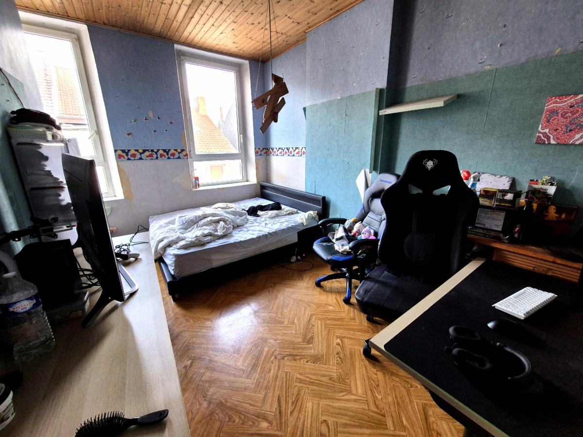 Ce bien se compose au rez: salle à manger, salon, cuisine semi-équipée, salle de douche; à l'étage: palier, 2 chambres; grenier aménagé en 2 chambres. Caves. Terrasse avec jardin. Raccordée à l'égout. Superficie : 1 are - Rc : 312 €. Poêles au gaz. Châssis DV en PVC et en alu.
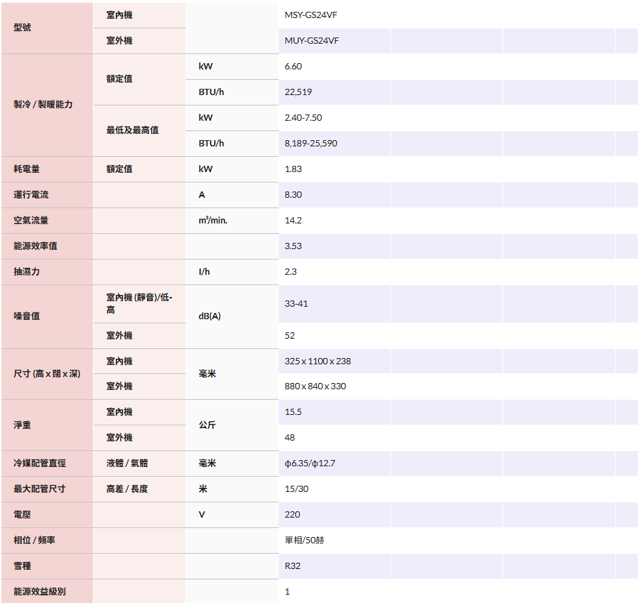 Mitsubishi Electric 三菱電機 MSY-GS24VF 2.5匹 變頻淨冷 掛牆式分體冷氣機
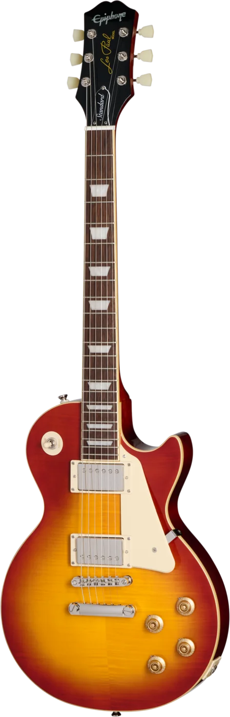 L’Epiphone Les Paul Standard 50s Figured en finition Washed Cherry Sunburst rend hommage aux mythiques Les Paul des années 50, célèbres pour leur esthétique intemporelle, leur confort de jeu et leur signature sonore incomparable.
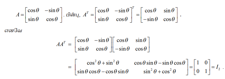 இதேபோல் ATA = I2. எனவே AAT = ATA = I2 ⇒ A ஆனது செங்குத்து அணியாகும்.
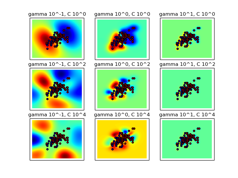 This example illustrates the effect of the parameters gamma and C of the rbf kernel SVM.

═══

To do :: Say again, exactly, only those lines of the records that run from the start through the line with "Mitsubishi Electric 三菱電機". Pictures are to be skipped.

Exercise output ::
 Ce bien se compose au rez: salle à manger, salon, cuisine semi-équipée, salle de douche; à l'étage: palier, 2 chambres; grenier aménagé en 2 chambres. Caves. Terrasse avec jardin. Raccordée à l'égout. Superficie : 1 are - Rc : 312 €. Poêles au gaz. Châssis DV en PVC et en alu.
 Mitsubishi Electric 三菱電機 MSY-GS24VF 2.5匹 變頻淨冷 掛牆式分體冷氣機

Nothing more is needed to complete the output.